There is a long, rich history of the use of detritus in sculpture, and there seems to be a spike in detrital interest in Houston this year, particularly with the Blaffer Museum’s recent Tony Feher and current Andy Coolquitt exhibits. While Jillian Conrad’s choice of materials shouldn’t exactly be considered detritus, she does gravitate towards objects that comprise our everyday: like concrete, fabric, and even cardboard. As Fehrer uses trash to create reductive works and Coolquitt as carriers of memory and previous usage, Conrad utilizes these strategies to generate far more complex formal narratives. Her work has been described as minimalist and compared to Stan Brakhage—these divergent reads all seeming ridiculous and vaguely plausible.

Conrad is less a sculptor and more a draftswoman, as if she is a cartographer for liminal spaces. Between the totally impractical aerial architectural mappings of Sites and Settlements (2012) and projections of faux landmarks like Arch de (2011), she is undoubtedly preoccupied with locations and mirages. Ley Lines, up now at Devin Borden Gallery, is no different—the literal definition meaning the alleged lines created between monuments, ancient structures, and prominent points in landscapes, like ridge tops. The work in this exhibition constantly vacillates between place and pathway, ultimately residing in permanent ambivalence. It’s agitating and fantastic.


Jillian Conrad, Bonsai Radio 2, graphite, brass, concrete, porcelain, steel, solder

The Bonsai Radio series steals the show. Here Conrad displays a mastery of line—she stands and leans brass in subtle ways that yield massive vulnerability and pathos. In Bonsai Radio 2 she juxtaposes impossible, at the very least improbable, materials like graphite, brass, porcelain, and concrete as an overflowing, residue-laden box that feels naturally occurring. The grid-like lines in Bonsai Radio 1 simultaneously suggest ardent directionality and total purposelessness. There is an intimacy in the quaint scale of these objects, and the fact that they are placed on shelves as opposed to pedestals forces a specific angle, enabling the viewer to trust Conrad’s directions, as if he is reading a nonsensical map.


Jillian Conrad, The old straight track, brass, aluminum mesh, thread

The power of Ley Lines lies in moments of utter believability. The viewer cognitively understands that these structures are completely contrived by the artist, yet the pieces somehow effortlessly present themselves as unified objects that could plausibly show up in the world, at least the world outside of the gallery. However, not every moment is completely believable. The old straight track combines a tall yet modest structure of thin brass tubes slightly curving upwards towards the ceiling and leaning against the wall behind it. Near the top, which should be about six feet or so, a perpendicular piece of brass of similar dimensions juts out along the wall. Pieced-together sheets of aluminum mesh cascade down the wall from the perpendicular tube in a triangular format, the tip resting on the floor.
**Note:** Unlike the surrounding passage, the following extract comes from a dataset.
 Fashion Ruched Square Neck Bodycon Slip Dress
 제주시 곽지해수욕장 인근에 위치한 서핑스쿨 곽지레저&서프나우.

Colorful thread scale two sides of the roughly formed triangle, moving in and out like tightly compacted shockwaves. The cold, perpendicular crossing of the brass is arresting by itself. The mesh is strangely decorative, and although the combination of thread and aluminum is materially compelling, it feels confined to the wall and forcefully attached to the brass. Perhaps the mesh should stand freely on the floor, more in line with Collapsed or String Quartet.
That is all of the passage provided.